··· Listed entries

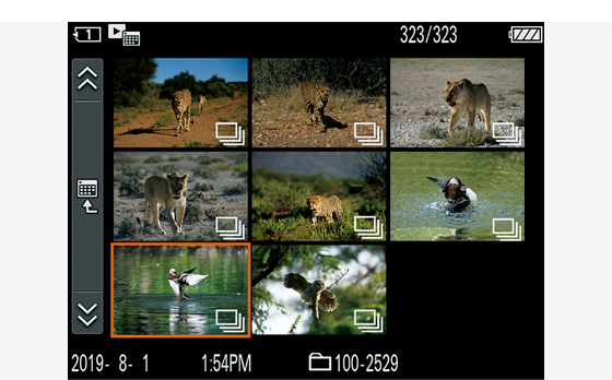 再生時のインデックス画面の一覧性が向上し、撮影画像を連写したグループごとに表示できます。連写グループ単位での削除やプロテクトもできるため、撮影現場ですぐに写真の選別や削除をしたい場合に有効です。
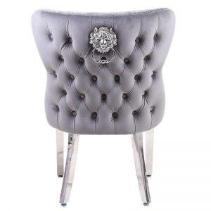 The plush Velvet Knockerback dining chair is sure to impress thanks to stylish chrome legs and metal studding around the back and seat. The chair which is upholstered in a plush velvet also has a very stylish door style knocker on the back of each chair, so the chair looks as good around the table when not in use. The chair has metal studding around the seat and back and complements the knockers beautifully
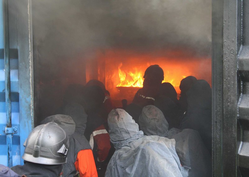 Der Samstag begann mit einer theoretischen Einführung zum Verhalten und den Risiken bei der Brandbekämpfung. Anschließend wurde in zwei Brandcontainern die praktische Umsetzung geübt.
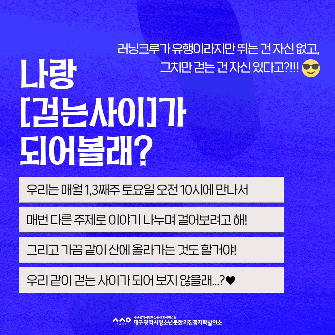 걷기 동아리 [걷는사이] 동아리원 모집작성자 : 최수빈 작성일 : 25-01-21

······
··· Listed entries

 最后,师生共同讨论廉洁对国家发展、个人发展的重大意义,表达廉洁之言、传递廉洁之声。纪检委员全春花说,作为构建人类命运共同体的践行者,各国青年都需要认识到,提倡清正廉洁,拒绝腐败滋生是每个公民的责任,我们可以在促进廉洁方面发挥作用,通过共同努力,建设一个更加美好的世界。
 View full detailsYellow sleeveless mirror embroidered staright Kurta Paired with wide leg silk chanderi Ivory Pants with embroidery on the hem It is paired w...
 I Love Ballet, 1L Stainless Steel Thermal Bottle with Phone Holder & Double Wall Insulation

······

> About this task
Every line in the data that holds the string "with" should be returned.

> Result of this exercise
 View full detailsYellow sleeveless mirror embroidered staright Kurta Paired with wide leg silk chanderi Ivory Pants with embroidery on the hem It is paired w...
 I Love Ballet, 1L Stainless Steel Thermal Bottle with Phone Holder & Double Wall Insulation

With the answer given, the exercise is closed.